If I was asked to sing the praises of NBC's painfully underwatched family drama, "Parenthood," I would need a Broadway stage, a follow spot, and a metric ton of sparkly confetti, because it's that good.  And the first two episodes of season 4 are tear-jerking, warm-fuzzy proof that it's only getting better with age.  Last summer, the Braverman clan celebrated with a wedding, a proposal, an adoption, and a first time for two teenaged lovebirds.  

In the premiere, aptly titled "Family Portrait," the rose-colored happiness of those milestones wears off, and reality is settles in. Newlyweds Crosby and Jasmine (Dax Shepard and Joy Bryant) are forced to define their nearly muddled and vague religious beliefs for their son.  Adam and Kristina (the equally amazing Peter Krause and Monica Potter) prepare to say goodbye to a moody, college-bound daughter.  Finally, my favorite couple, Julia and Joel (Erika Christensen and Sam Jaeger) struggle with the reality of adopting a fully-fledged child and not a baby that would seamlessly fit into any family.  

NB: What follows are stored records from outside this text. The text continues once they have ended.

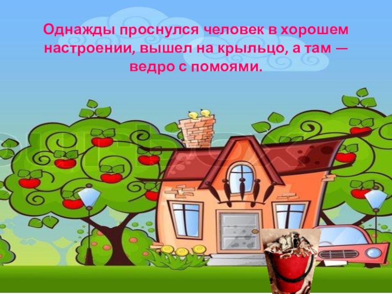 Слайд 10Однажды проснулся человек в хорошем настроении, вышел на крыльцо, а там
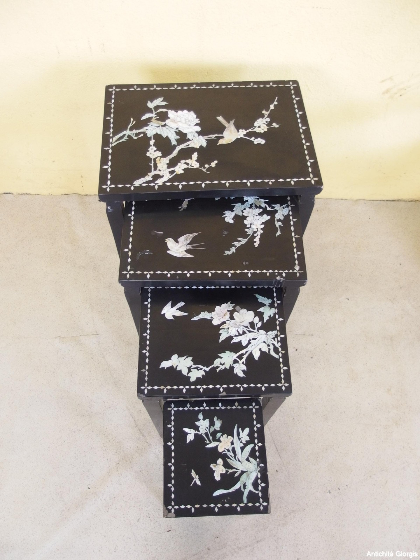 Bellissimo gruppo di n. 4 tavolini a scomparsa laccati con disegni floreali di stile orientale epoca primi 900 di provenienza Cina I tavolini sono originali si presentano in buone condizioni ( vedi foto) Dimensioni: cm L48xP35xH69 costo del trasporto euro 60
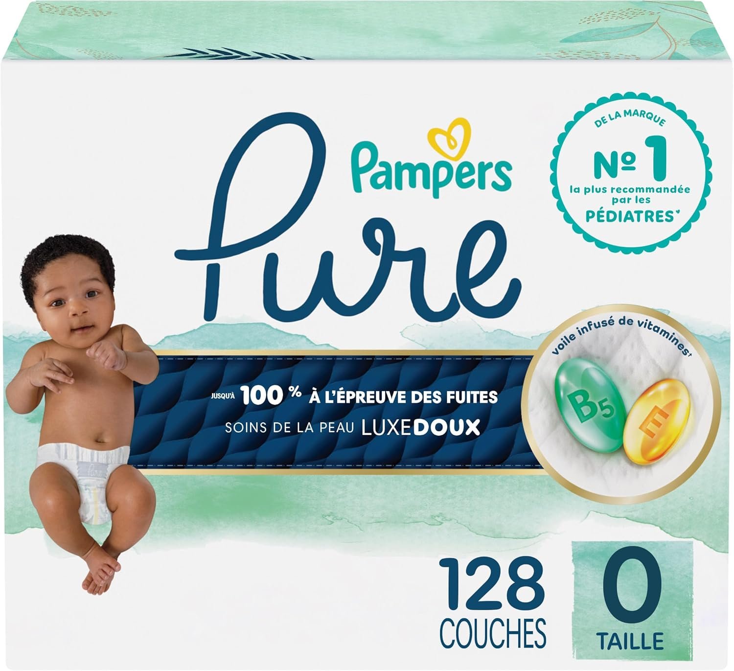 Pampers Pure Protection Baby Diapers, Size 0 (10 lbs ), 128 Count, Up to 100% Leakproof, Premium Plant-based Skin Protection, Hypoallergenic Soft Diapers
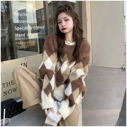 Vrouwen Khaki Kleding Vintage Breien Trui Chic Contrasterende Kleuren Lange Mouw Koreaanse Mode Baggy Vrouwelijke Winter Korte Tops
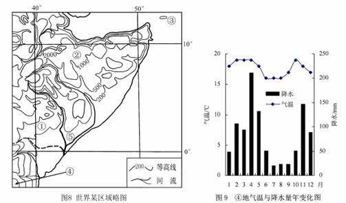 (4)分析⑤地发展农业生产的自然条件。(6分)
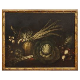 NATURA MORTA CON ORTAGGI, FUNGHI E PESCI
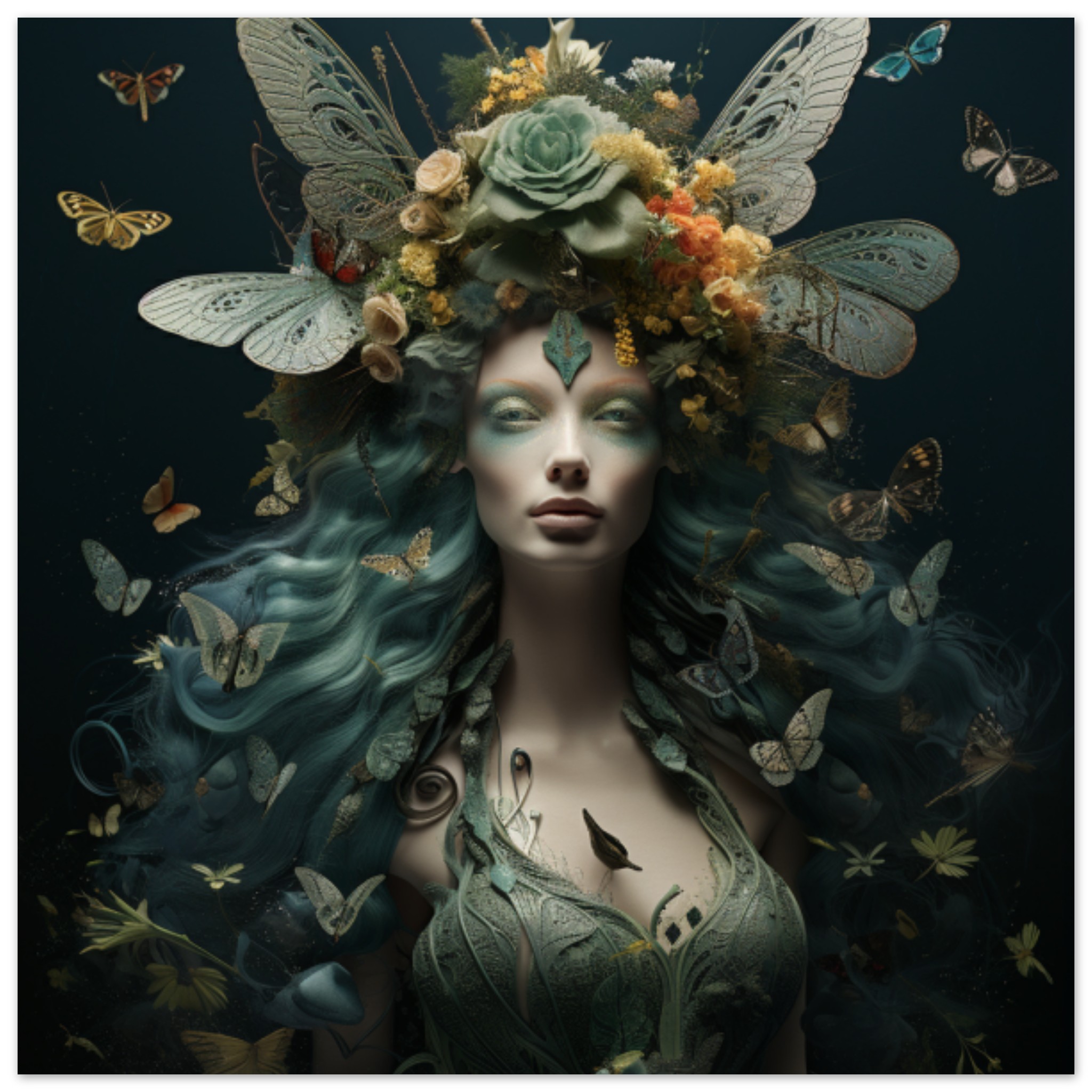 A mannequin with black hair is adorned with butterflies and colorful flowers. The mannequin is placed against a black background, standing out with its vibrant decorations. A butterfly is prominently displayed on the mannequin’s chest area. The overall scene gives off a whimsical and artistic vibe, with a touch of elegance. The image is square with dimensions of 600×600 pixels. The dominant colors in the image are black and a muted teal. The tags associated with the image include flower, woman, butterfly, organism, underwater, and art. The image also features a face in the center with a bounding box.

The season opener wisely finds a pitch-perfect drama-lite tone while forecasting heavier arcs with a blink-and-you-miss-it finesse you rarely find on television anymore.  This season also welcomes "Men Of A Certain Age's" Ray Romano as Hank, a grumpy, socially inept photographer.  He dives into his character's shortcomings with a eager glee that it's difficult not to fall in love with the curmudgeonly whacko.  And there in lies the rub, because as Sarah (Lauren Graham) pursues a job with at his studio, her fiancé, is currently being left out of the family photo because he and Sarah aren't officially married.  

The best, most endearing story of the season premiere has to be the one deftly handled by Krause's responsible and somehow fun Adam, and the drastic steps he takes to protect his niece Amber (the heartbreakingly gifted Mae Whitman) who's now working at the Luncheonette.  What he does might be cringe-worthy and mortifying, but the reason behind it is nothing less than aww-worthy.  I do hope that irksome Hattie stays at Cornell until the holidays, and that matriarch Camille (Bonnie Bedelia) finds more to do this season than dispense wisdom derived from her stint as a hippie while she dabs paint of a canvas.  While the premiere did lag in spots, I will say without utilizing the SPOILER ALERT! alarm, that the rest of the season aims nastily for the heart, so do not miss the second episode.

Admittedly, the Bravermans might be the most functional family in history, but they do it with such a realistic, squabbling joy that it almost always takes the viewer back to their own flawed clan.  If you watch any show this season, make it "Parenthood" and don't forget the tissues.